TAPPER: Do you think the fact that you guys are pushing the bipartisan commission is indicative of the fact that our political system is not capable of taking on the serious challenges our nation faces?

You and I know that the money, as Willie Sutton says, said, that -- why do you rob banks? Because that's where the money is. The money is in entitlement programs: Medicare, Medicaid, Social Security, things that you do not touch in this budget.

The fact that you need a bipartisan commission to recommend cuts or tax increases, doesn't that indicate that our political system is incapable of making these tough decisions?

GEITHNER: Jake, I am very confident in our ability as a country to bring people together and make sure we are solving these challenges and these problems. We've done it in the past, it is completely within our capacity to do as a country.

But of course, it requires you bringing people together across the aisle to step back from politics, to try to bring practical solutions to things that are very important to our future as a country. And the president is committed to do that.

We're going to give the Republican Party the chance to share in the responsibility and the burden and the privilege of trying to fix the things that were broken in this country.

TAPPER: Republicans are afraid this is just a back door for tax increases. Are you willing to say that tax increases are off the table for this commission?

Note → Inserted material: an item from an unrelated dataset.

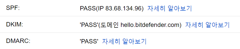 SPF, DKIM, DMARC가 통과 된 것을 보니 hello.bitdefender.com에 관련 설정들이 되어 있을 것입니다.

Let's sit down and talk about the long-term structural problems with entitlement spending?

GEITHNER: The president's view, and this is a view shared by many Republicans, and it builds on what we've seen with effective commissions in the past, like the Greenspan commission that President Reagan established to help restore the financial footing of Social Security, is that for this to work, you've got to bring people together to step back from politics, day-to-day politics, and to bring fresh ideas to solve these kind of problems.

That's the only way to do it, we think. And we're committed to doing that. We've got to do it on a bipartisan basis, and we're deeply serious about doing this.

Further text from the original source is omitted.